Tuesday, April 6, 2010

Iraq: Still no peace


map from globalsecurity.org

Despite the claims of the United States military's propaganda machine, Iraq still simmers. This week saw two major spasms of violence. Their differences underlined the multifaceted nature of the on-going conflict. As the Clarion Content has warned many times previously, Iraq is riven in multiple ways. It has fissures and cracks beyond the most discussed; Sunni, Shi'ite, and Kurd. In addition to religion and ethnicity, sectarian, tribal, economic and class tensions among others pressure Iraq.

The first outbreak of horrifying violence was a series of nighttime raids that saw twenty-five people killed. The Los Angeles Times reports gunmen methodically made their way through four homes and killed 25 people in the rural, farming Hawr Rajab district south of Baghdad. They say that, "Many of the victims had been part of the U.S.-backed Awakening movement, Sunni Arab paramilitary groups..." This is the sort of violence that was an epidemic at the height of the Iraqi civil war. In the wake of last months disputed elections this type of assault and intimidation is especially troubling.

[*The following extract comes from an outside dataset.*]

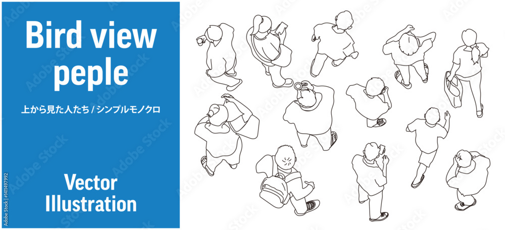 Tableau sur toile 鳥瞰図 上から見た人々 人物アイコン ベクター素材集 (建築/パース/シンプル/モノクロ/編集可能)

The Awakening program was ended when it was co-opted into the Iraqi government's security forces. The surviving Sunni villagers fear that the Shi'ite dominated security forces won't protect them. They tell the Times that many Sunnis Awakening members have been shuffled out of the government's security apparatus and into the bureaucracy. The current government has also arrested the former leader of the Awakening in the area and barred him from running for parliament, accusing him of being a high-ranking member of Saddam Hussein's Baath Party, despite the fact that the old regime executed some of his immediate relatives.

The Clarion Content has always believed that an eye for an eye leaves the whole world blind. We mean, score settling never ends things, it only leaves the other side thirsting for revenge. This is why the cycle of violence has to be transcended to be ended.

The other more widely reported awful incident of violence in Iraq was seven massive bombs that hit apartment buildings across the Iraqi capital, Baghdhad, killing at least 35 people and wounding more than 140 on Tuesday. The targeted areas are heavily populated by Shiites; some neighborhoods that were bombed had seen fierce sectarian cleansing of Sunnis who used to live there.

The Christian Science Monitor reports American and Iraqi officials blamed Al Qaeda in Iraq, the mostly homegrown Sunni Muslim extremist group, for the attacks. The Monitor notes that residents who live near the sites of the explosions said that they thought that the recent violence was a result of Iraq's post-election political wrangling.

One local resident was quoted, "Why is Iraqi blood being used as a means of political pressure? Those innocent people were working for their families, and the politicians are using us for their political interests. I'm sure the situation will get even worse. We can feel it from the statements from the politicians on TV."

This coordinated bombing is an attack on the social order. It is not targeted, vengeance killing as the night time raids in the Hawr Rajab were. Its victims are more random, broader. It is an effort to destabilize the government and demonstrate its lack of control. This type of violence attempts to undermine the belief of the average Iraqi that civil society is functioning and can function in Iraq.

Both of these incidents demonstrate the likelihood of on-going conflict in Iraq because they show there are so very many rifts and rents in the fabric of what the West calls Iraq. This is of course without even mentioning the unresolved issue of Kurdish independence, which has been dealt with neither by American policymakers nor the Iraqi state.

2 comments:

Maliki said...

At any cost democracy should be followed in iraq.It is the solution for the problem.

Clarion Content said...

Maliki-

Thanks for commenting. We agree that democracy is ultimately the way to go. Unfortunately, there is not enough economic and/or political stability in Iraq to have a functioning democracy. The United States must be careful not to end up on the side of an autocratic regime.